All of my NiFi related content in one place

Apache NiFi 1.1.0 is now out, and I want to discuss a specific subject in a couple of posts: how to scale up and down a NiFi cluster without loosing data? Before going into this subject, I want to setup a 3-nodes secured cluster using the NiFi toolkit. It will be my starting point to scale up my cluster with an additional node, and then scale down my cluster.

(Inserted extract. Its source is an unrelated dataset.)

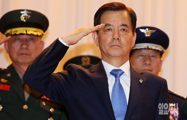 30일 서울 용산구 국방부에서 열린 제43·44대 국방부 장관 이·취임식에서 한민구 신임장관이 거수경례를 하고 있다.
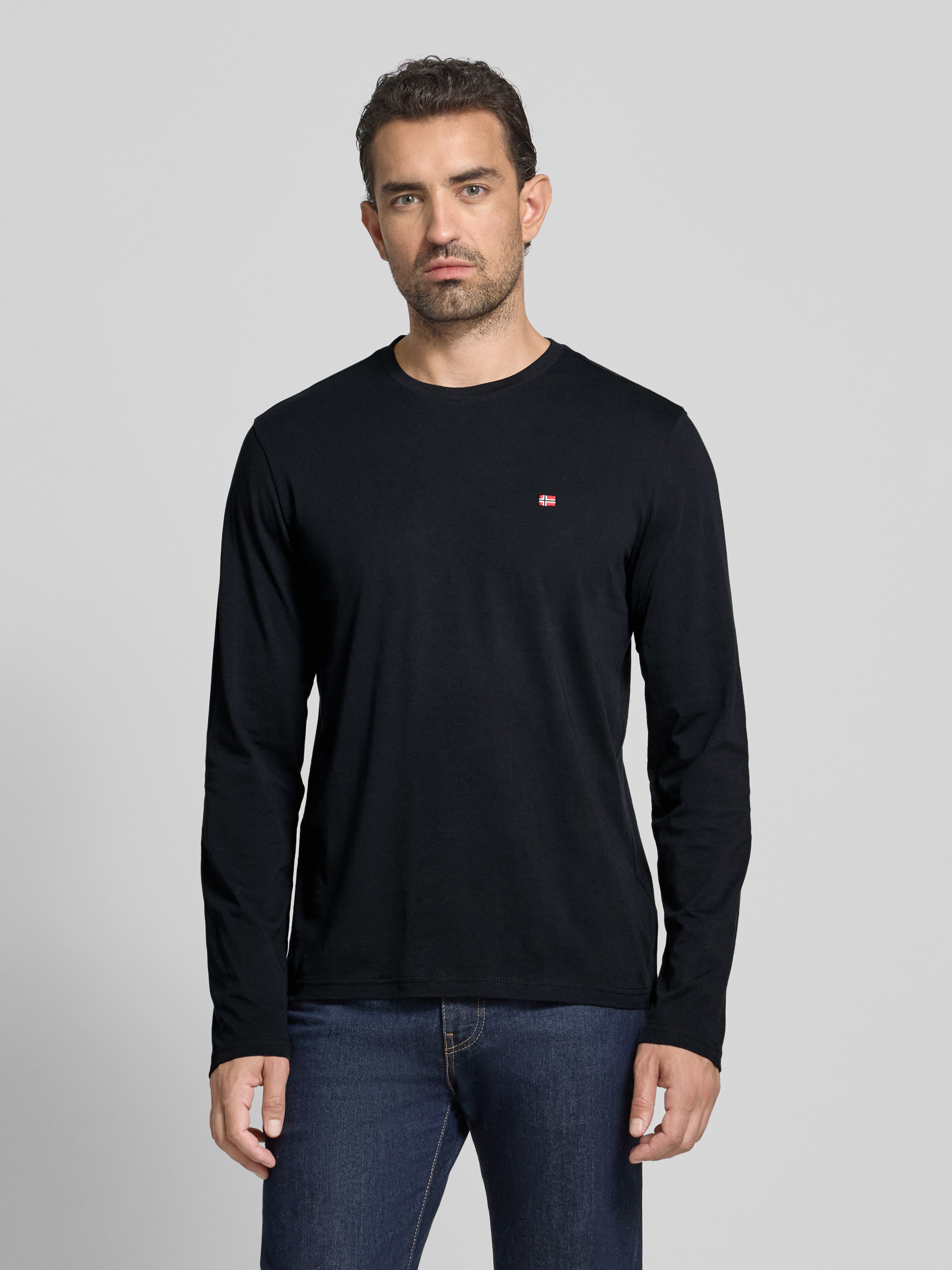 Das Herren Longsleeve von Napapijri, Modell 'Salis', zeichnet sich durch einen angenehm weichen Baumwoll-Elasthan-Mix und eine körpernahe Passform aus. Dank des Rundhalsausschnitts entsteht ein klassischer Look, während das dezente Logo-Stitching dem Outfit eine sportive Note verleiht.

There are already great posts describing how to setup a secured cluster using embedded ZK and taking advantage of the NiFi toolkit for the certificates, so I won’t go in too much details. For reference, here are some great articles I recommend:

OK… let’s move on. My initial setup is the following:

  • My OS X laptop
  • 2 CentOS 7 VM

All nodes have required prerequisites (network, java, etc), have the NiFi 1.1.0 binary archive uncompressed available, and have the NiFi toolkit 1.1.0 binary archive uncompressed available.

On my OS X laptop, I will use the NiFi TLS toolkit in server mode so that it acts as a Certificate Authority that can be used by clients to get Certificates.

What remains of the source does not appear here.